Scientific classification
- Kingdom: Animalia
- Phylum: Chordata
- Class: Amphibia
- Order: Anura
- Family: Bufonidae
- Genus: Vandijkophrynus
- Species: V. angusticeps
- Binomial name: Vandijkophrynus angusticeps (Smith, 1848)
- Synonyms: Bufo angusticeps Smith, 1848

= Sand toad =

- Authority: (Smith, 1848)
- Conservation status: LC
- Synonyms: Bufo angusticeps Smith, 1848

Species of amphibian

The sand toad, Cape sand toad, common Cape toad, or narrow-headed toad (Vandijkophrynus angusticeps) is a species of toad in the family Bufonidae (true toads). It is endemic to South Africa and found in southwestern and southern part of Western Cape Province to extreme southwestern Eastern Cape Province, from Nieuwoudtville in the west to Humansdorp in the east, along the coastal flats and Cape Fold Mountains from the sea level to 1500 m asl.

==Description==
Sand toads are morphologically similar to other Vandijkophrynus species, but can usually be distinguished by their unspotted white ventrum and bright yellow flush over the dorsal surfaces of their feet.

==Reproduction==
Sand toads may emerge from their refuges to breed in winter, May–September, when heavy rains have saturated the soil and created pools lasting for many weeks. They breed in temporary depressions in sandy areas, and also in clay soils. Males call on exposed sites near the water's edge. Testes are unusually large, suggesting intense male-male competition.

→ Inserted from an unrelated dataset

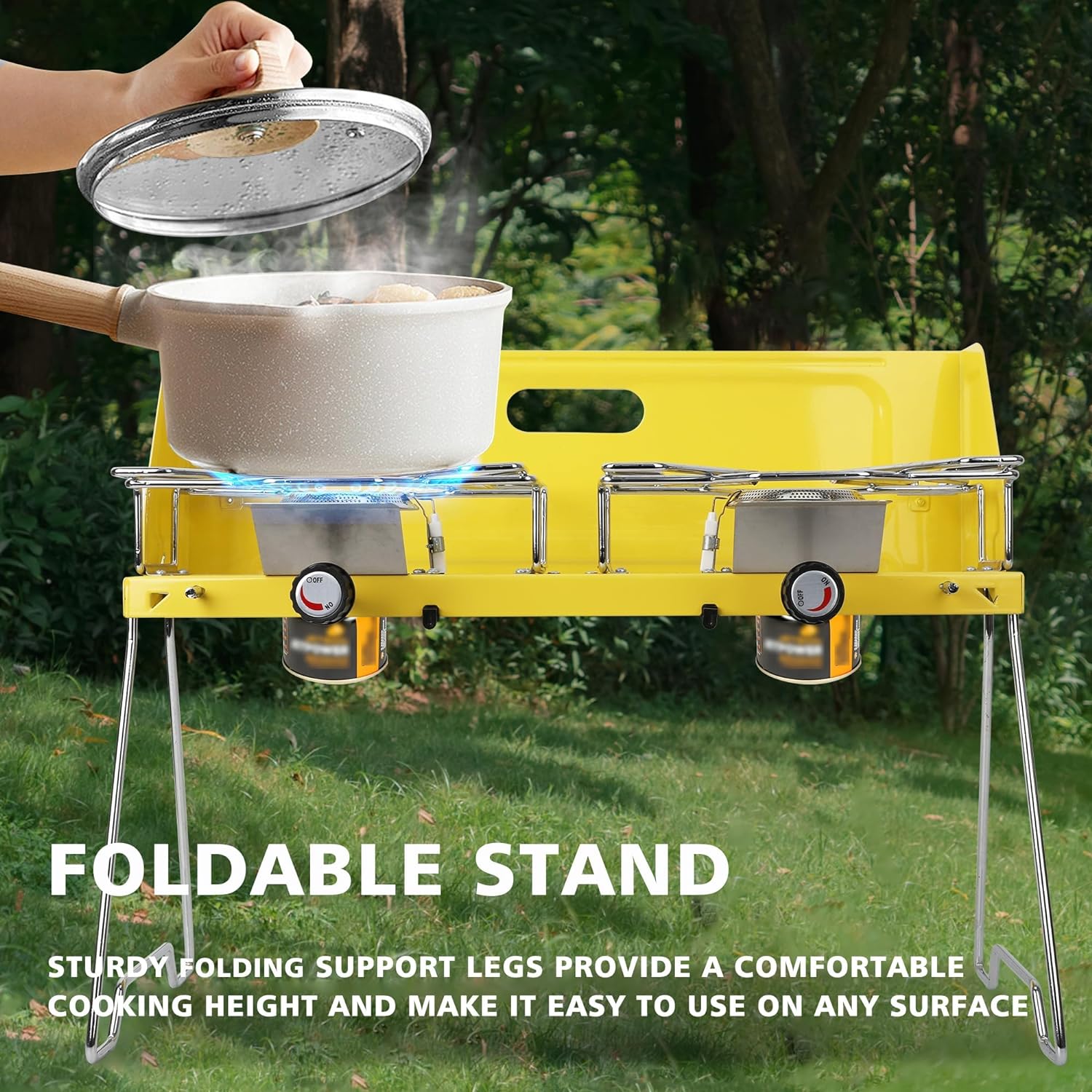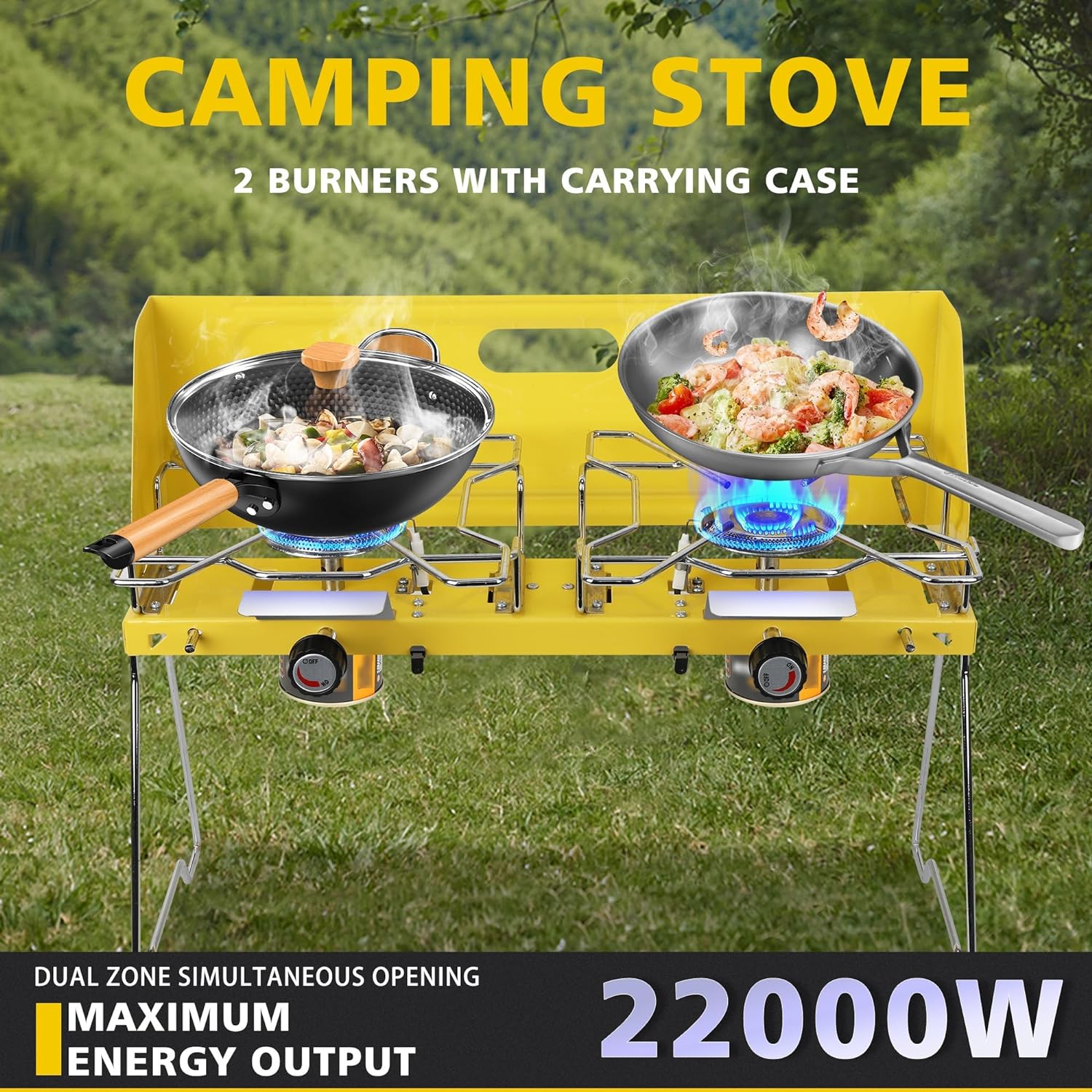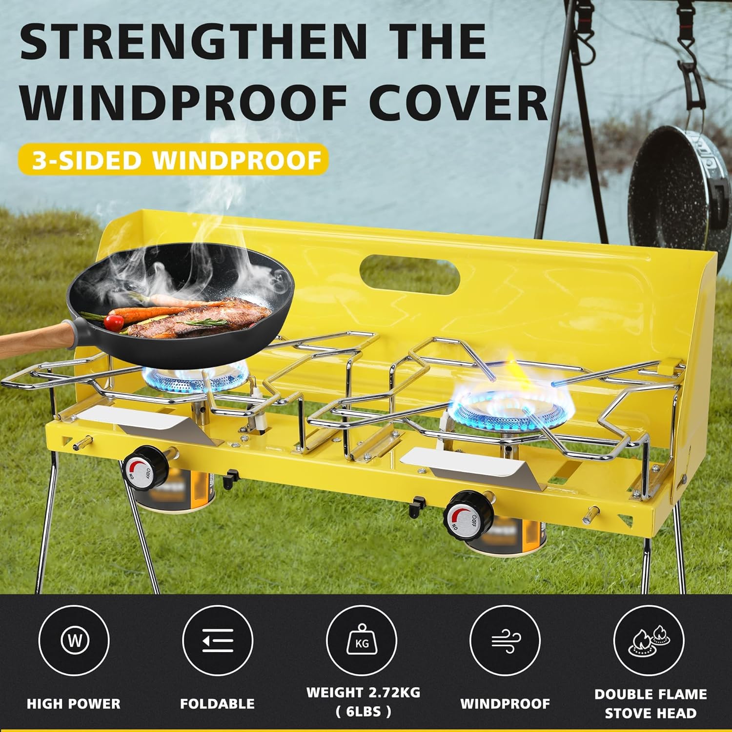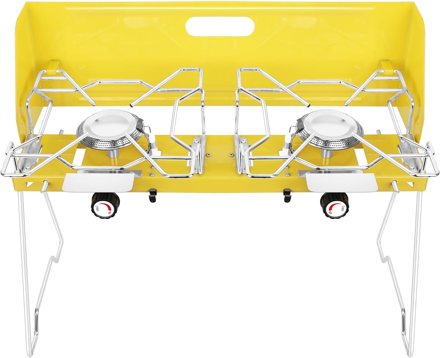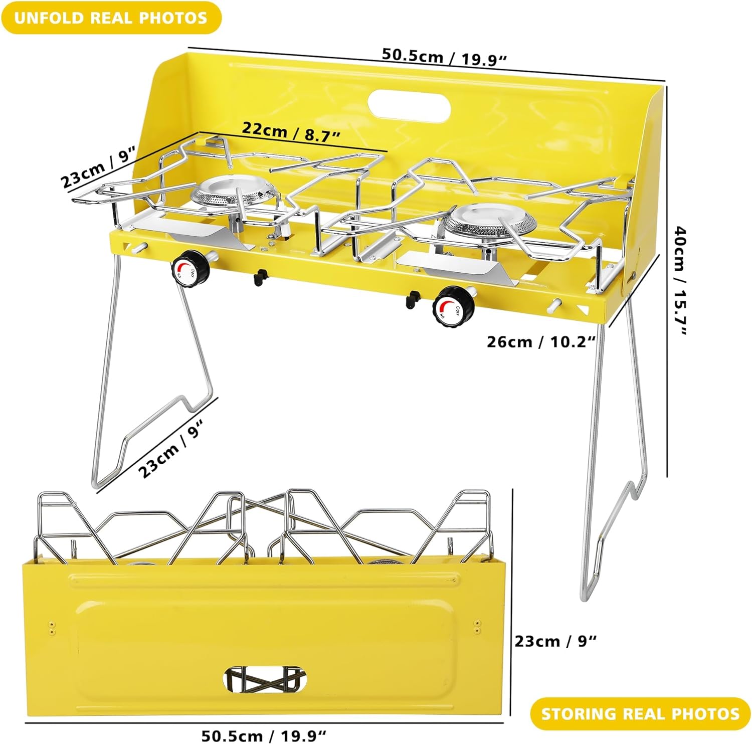 Adjustable Wind Shield: The camping stove has a built-in adjustable wind shield to protect the flame from wind and improve the burning efficiency,Improved Knob Rotation: Built-in electric ignition for precise temperature and simmering control of two independently adjustable burners.

==Habitat and conservation==
Sand toads inhabit fynbos heathland. They can sometimes also survive in agricultural areas.

The species is threatened by habitat loss and deterioration caused by coastal development, alien plants, and wetland drainage for urbanization and agriculture. It has disappeared from some areas, but is believed to be stable and common through most of its range.